SUPPLIED DATA -
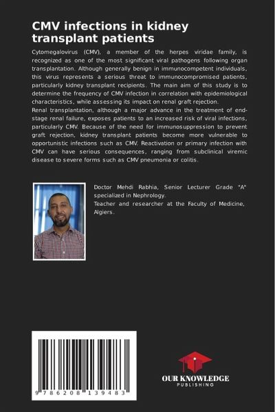 Cytomegalovirus (CMV), a member of the herpes viridae family, is recognized as one of the most significant viral pathogens following organ transplantation. Although generally benign in immunocompetent individuals, this virus represents a serious threat to immunocompromised patients, particularly kidney transplant recipients. The main aim of this study is to determine the frequency of CMV infection in correlation with epidemiological characteristics, while assessing its impact on renal graft rejection.Renal transplantation, although a major advance in the treatment of end-stage renal failure, exposes patients to an increased risk of viral infections, particularly CMV. Because of the need for immunosuppression to prevent graft rejection, kidney transplant patients become more vulnerable to opportunistic infections such as CMV. Reactivation or primary infection with CMV can have serious consequences, ranging from subclinical viremic disease to severe forms such as CMV pneumonia or colitis.
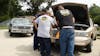 Members of Lowyalty Car club gather at a community event and talk amongst eachother. Los miembros del club Lowyalty Car se reúnen en un evento comunitario y conversan entre ellos.
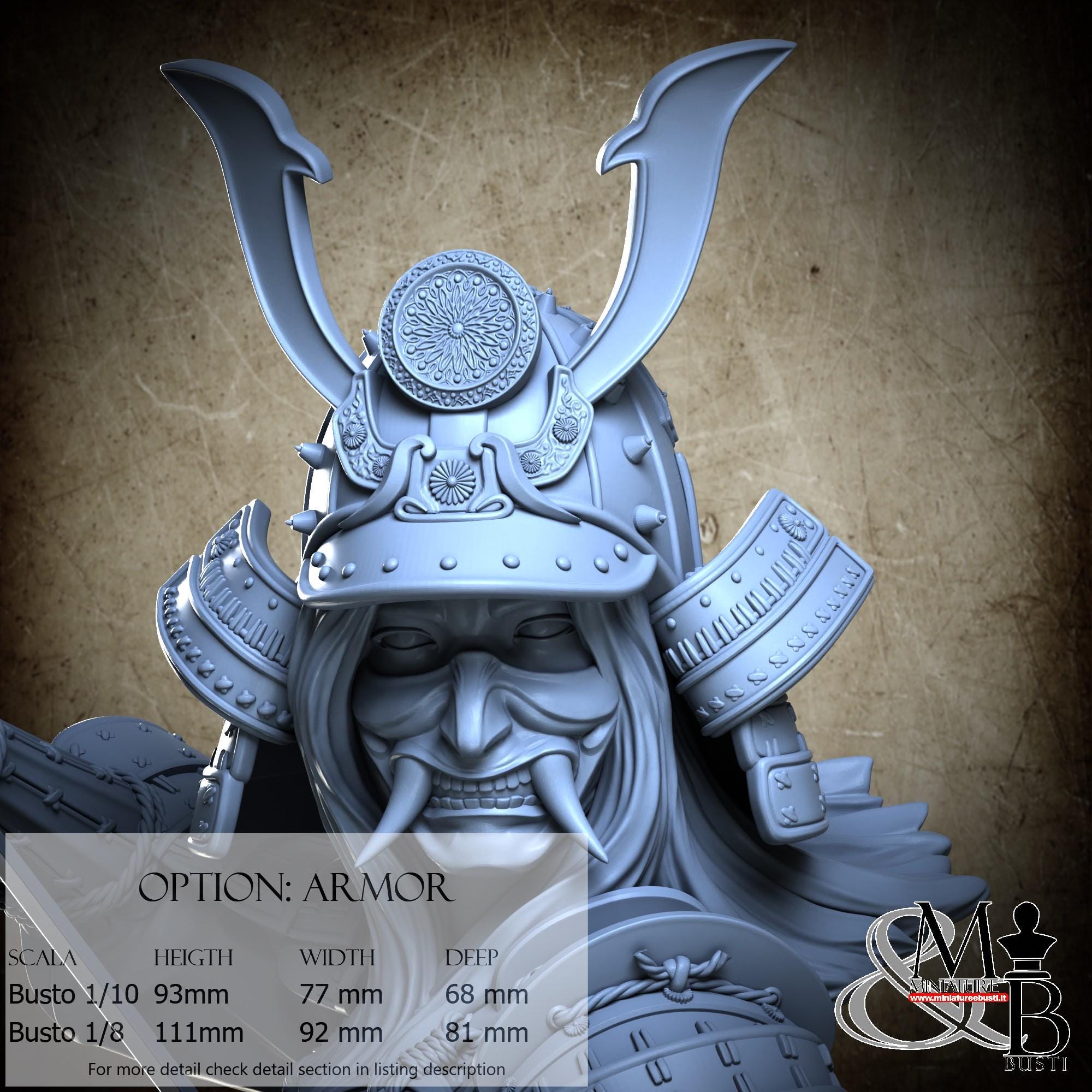 1/8 Bust Scale, cost €45.00 (Height: 111 mm, Width: 92 mm, Depth: 81 mm), composed of the following components:

EXERCISE INSTRUCTIONS -
Each line of the data should be quoted exactly, with pictures left out.

OUTPUT BELOW -
 Cytomegalovirus (CMV), a member of the herpes viridae family, is recognized as one of the most significant viral pathogens following organ transplantation. Although generally benign in immunocompetent individuals, this virus represents a serious threat to immunocompromised patients, particularly kidney transplant recipients. The main aim of this study is to determine the frequency of CMV infection in correlation with epidemiological characteristics, while assessing its impact on renal graft rejection.Renal transplantation, although a major advance in the treatment of end-stage renal failure, exposes patients to an increased risk of viral infections, particularly CMV. Because of the need for immunosuppression to prevent graft rejection, kidney transplant patients become more vulnerable to opportunistic infections such as CMV. Reactivation or primary infection with CMV can have serious consequences, ranging from subclinical viremic disease to severe forms such as CMV pneumonia or colitis.
 Members of Lowyalty Car club gather at a community event and talk amongst eachother. Los miembros del club Lowyalty Car se reúnen en un evento comunitario y conversan entre ellos.
 1/8 Bust Scale, cost €45.00 (Height: 111 mm, Width: 92 mm, Depth: 81 mm), composed of the following components:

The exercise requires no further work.